Strengthening Constitutional Self-Government

No Left Turns

Jim Ceaser on blue vs. red

Jim Ceaser is one of our best commentators linking theory and practice in American politics. If you haven’t read Reconstructing America, The Perfect Tie, or Red Over Blue (the latter two with Andrew Busch), you simply must. His latest is Nature and History in American Political Development: A Debate, which I just ordered via the Ashbrook site.

You can find what appears to be a summary of that book’s argument in this essay (a 25 page pdf), which is the "framing essay" for this conference. The essay ranges widely over the American political spectrum, offering incisive commentary on tendencies and theories on both the Left and Right. Here’s the concluding paragraph:

The non-foundationalist position represents a utopian experiment that has as yet no basis in real political science. Nothing in experience suggests it could ever work, at least for a nation that is tasked with performing an important role on the stage of world history. Without a foundational principle, even more without the moral energy that derives from a concern for foundational principle, a community cannot exist in a deep or meaningful sense. And without this energy, a community would be unable to extract from its members the added measure of devotion and resolve that are needed for its survival and for undertaking any important projects. What is involved, ultimately, in the shift to non-foundationalism is an evacuation of what makes a nation. When the illusion of a genuine nation existing without foundations is finally acknowledged--if it is acknowledged--political life will return to the real political question: which is not whether to have a foundation, but rather, which one(s) to embrace and in what mixture.

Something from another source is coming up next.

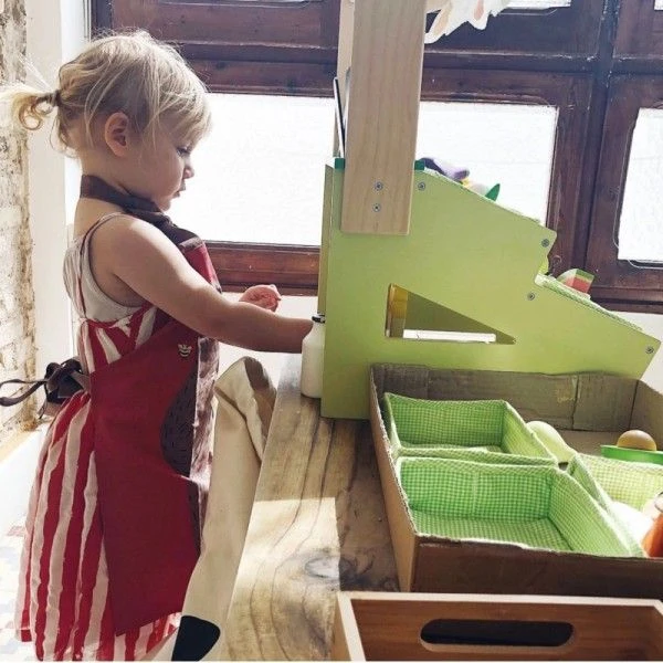 Les jouets d’imitation comme ce Jouet Dînette en bois Étal de marché Tender Leaf Toys® sont recommandés pour le développement de l’enfant et favorisent les jeux de rôles, la construction de soi et la compréhension de l’environnement social. En imitant, l’enfant interagit avec son environnement, il construit ainsi ses structures cognitives. En manipulant de nombreux petits objets, comme dans ce jeu de marchande en bois, il développe sa motricité fine. Lorsque l’enfant sert un client ou joue à compter ou à peser les aliments pour sa poupée ou ses parents, il ajuste ses gestes pour parvenir à son but. Enfin, l’imitation joue un rôle majeur dans la socialisation. Le fait de jouer d’autres rôles permet de prendre conscience de l’existence de l’autre mais aussi de soi-même et de jouer en interaction.

This conclusion only gets us back to where sensible political life begins, which is finding foundational remedies to the problem most incident to foundational thinking. On that ground, and on that ground alone, let the polarization continue.

Read the whole thing.   

Discussions - 4 Comments

Joe is right to pull you toward Ceasar. I mentioned his new book here.

And I’m plugging away at my review of it for SOCIETY.

That’s a very subtle and brilliant paper by JWC. Still, the phrase "foundational principle" rubs me the same way as "faith tradition."

Thanks for the link to the JWC paper. What a witty beginning, recounting the trip from Charlottesville to DC! And at the end, unlike his rather confined- by-scholarly limitations book Nature and History in American Political Development he declares: let the public debate over foundations (including anti-foundationalism(s)) begin! He perceptively and wittily noted that the anti-foundationalists tend not to want the wider public to know what their "position" (sic) is.